[[ Source records, beginning ]]
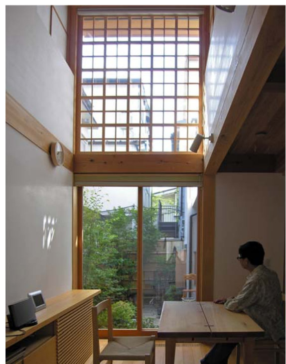
西日を楽しむ「浄土寺格子」

設計：松井郁夫建築設計事務所 施工：キューブワンハウジング 山：天電・S・ド・フライングチーム協同組合
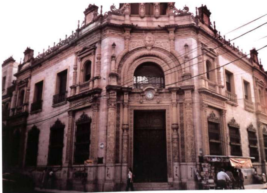
Figura 10. Salta. Banco Nacional.

En Salta se levanta el Banco Hipotecario de la Nación que, construido por Pascuicci entre 1936 y 1940, es uno de los ejemplos más sobresalientes del movimiento de la Restauración Nacionalista (fig. 10). El edificio se alza en esquina y se divide en dos cuerpos, todo ello rematado por una crestería. En él predomina el vano sobre el muro, un total de ocho vanos en cada cuerpo, y los del superior se encuentran simétricamente. La compartimentación y ornamentación es claramente influencia del renacimiento español. Lo característico de este edificio es el diseño de su portada que se levanta en la esquina. Presenta unas grandes similitudes con la del Hospital de Santa Cruz de Toledo en España. Es una portada de dos cuerpos, en el primero se combinan columnas balaustradas con clásicas cuyos fustes se encuentran ornamentados con decoración neoplateresca, y lo curioso es su segundo cuerpo, ya que los fustes de las columnas se doblan y siguen la rosca del arco para enderezarse de nuevo y sostener el entablamento. En el resto de la fachada se combinan balcones con rejas que siguen modelos renacentistas. Esta obra es la que mejor representa el renacimiento español dentro del movimiento de la Restauración Nacionalista.
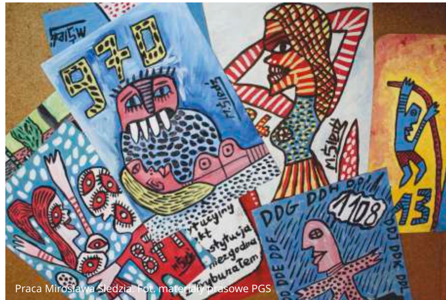
Praca Mirosława Śledzia.

Na ekspozycję składa się 130 prac Mirka Śledzia, gdyńskiego artysty, którego dzieła były prezentowane w Muzeum Sztuki Współczesnej MOCAK w Krakowie, Centrum Sztuki Współczesnej Łaźnia w Gdańsku czy też w Państwowej Galerii Sztuki w Sopocie w ramach wystawy „Palindrom” w 2015 r.
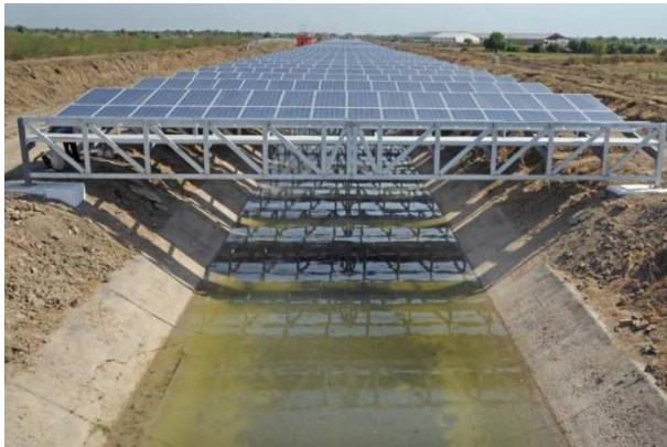
Рис. 7. Розташування сонячних батарей над зрошувальним каналом

Варто відмітити, що думку використати відкрити канали для розміщення елементів сонячної електростанції першими втілили в життя в Індії в рамках проекту Solar canals [2]. В цьому випадку на 15-метрових металевих конструкціях над зрошувальним каналом були розташовані сонячні панелі (рис. 7).
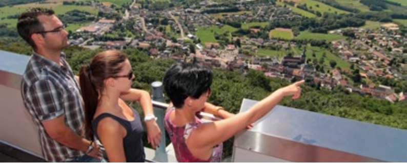
Tholey, Blick vom Schaumbergturm
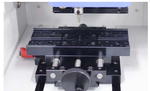
Morsa autocentrante per targhette e oggetti con superfici anche non piane

PRIMO GR20 dotato di sistema di fissaggio del pezzo intercambiabile
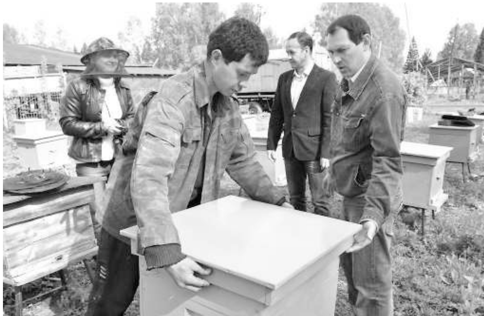
Учебная пасека лицей способна давать до полутора-двух тонн мёда ежегодно.

Со временем учебное заведение обрело свои современные контуры: в 50-е годы в связи со строительством Новосибирской ГЭС здание школы было перенесено из зоны затопления на территорию опытной станции им. Мичурина в посёлок Агролес. А в конце 60-х закончилось строительство ныне существующих учебных и лабораторных корпусов, общежития и котель-
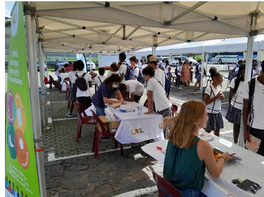
Médecin Généraliste et Chirurgien-dentiste
[[ Source records, end ]]
** How to complete this task **
Only an exact copy of the entries, with no pictures, is expected as the answer.

** Result of the task **
西日を楽しむ「浄土寺格子」

設計：松井郁夫建築設計事務所 施工：キューブワンハウジング 山：天電・S・ド・フライングチーム協同組合
Figura 10. Salta. Banco Nacional.

En Salta se levanta el Banco Hipotecario de la Nación que, construido por Pascuicci entre 1936 y 1940, es uno de los ejemplos más sobresalientes del movimiento de la Restauración Nacionalista (fig. 10). El edificio se alza en esquina y se divide en dos cuerpos, todo ello rematado por una crestería. En él predomina el vano sobre el muro, un total de ocho vanos en cada cuerpo, y los del superior se encuentran simétricamente. La compartimentación y ornamentación es claramente influencia del renacimiento español. Lo característico de este edificio es el diseño de su portada que se levanta en la esquina. Presenta unas grandes similitudes con la del Hospital de Santa Cruz de Toledo en España. Es una portada de dos cuerpos, en el primero se combinan columnas balaustradas con clásicas cuyos fustes se encuentran ornamentados con decoración neoplateresca, y lo curioso es su segundo cuerpo, ya que los fustes de las columnas se doblan y siguen la rosca del arco para enderezarse de nuevo y sostener el entablamento. En el resto de la fachada se combinan balcones con rejas que siguen modelos renacentistas. Esta obra es la que mejor representa el renacimiento español dentro del movimiento de la Restauración Nacionalista.
Praca Mirosława Śledzia.

Na ekspozycję składa się 130 prac Mirka Śledzia, gdyńskiego artysty, którego dzieła były prezentowane w Muzeum Sztuki Współczesnej MOCAK w Krakowie, Centrum Sztuki Współczesnej Łaźnia w Gdańsku czy też w Państwowej Galerii Sztuki w Sopocie w ramach wystawy „Palindrom” w 2015 r.
Рис. 7. Розташування сонячних батарей над зрошувальним каналом

Варто відмітити, що думку використати відкрити канали для розміщення елементів сонячної електростанції першими втілили в життя в Індії в рамках проекту Solar canals [2]. В цьому випадку на 15-метрових металевих конструкціях над зрошувальним каналом були розташовані сонячні панелі (рис. 7).
Tholey, Blick vom Schaumbergturm
Morsa autocentrante per targhette e oggetti con superfici anche non piane

PRIMO GR20 dotato di sistema di fissaggio del pezzo intercambiabile
Учебная пасека лицей способна давать до полутора-двух тонн мёда ежегодно.

Со временем учебное заведение обрело свои современные контуры: в 50-е годы в связи со строительством Новосибирской ГЭС здание школы было перенесено из зоны затопления на территорию опытной станции им. Мичурина в посёлок Агролес. А в конце 60-х закончилось строительство ныне существующих учебных и лабораторных корпусов, общежития и котель-
Médecin Généraliste et Chirurgien-dentiste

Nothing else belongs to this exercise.